So beschwert sich Adrian Ludwig, verantwortlich für die Flash-Plattform bei Adobe, dass Apple seine Geräte weiterhin einschränke, sowohl für Anbieter von Inhalten als auch Konsumenten. Damit zielt er auch auf das iPhone ab, das bis heute keine Flash-Inhalte wiedergeben kann. Zudem bemängelt Ludwig, dass das iPad im Gegensatz zu vielen anderen E-Book-Readern keine Bücher im ePub-Format anzeigen kann, die mit Apples Rechtemanagement-Technologie ausgestattet sind.

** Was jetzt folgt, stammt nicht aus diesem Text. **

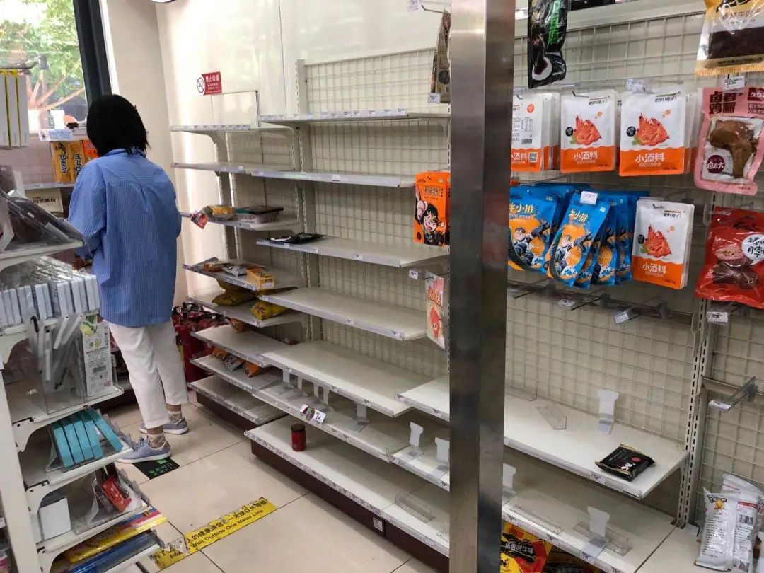 收银台排起长龙、空置货架随处可见,热食不再供应,消费者的询问与店员的回应声交织在这间不足50平方米的门店中。

Ludwig bedauert, dass iPad-User ohne Flash 70 Prozent aller Internetspiele nicht spielen und 75 Prozent aller Webvideos nicht sehen können.

 

 

Ein Grund für Apples Entscheidung gegen Flash könnte der Ressourcenhunger sein, den das Multimedia-Format hat. Das war auch der Grund, warum Mozilla im aktuellen Release des Firefox Mobiles Flash abgeschaltet hat. Gerade auf mobilen Geräten, die nicht über die nötige Rechenkraft verfügen, sind solche Dinge ausschlaggebend. Apple könnte aber noch ein weiteres Motiv haben: Würde Flash auf dem iPad – oder dem iPhone – zugelassen, könnte es als Entwicklungsplattform für entsprechende Anwendungen genutzt werden. Kritiker glauben, dass Apple dies nicht recht sei, da man so die Kontrolle über die Geräte und die darauf installierte Software verliere. Auf den App Store wären Anwender dann nicht mehr unbedingt angewiesen. (Christian Lanzerath)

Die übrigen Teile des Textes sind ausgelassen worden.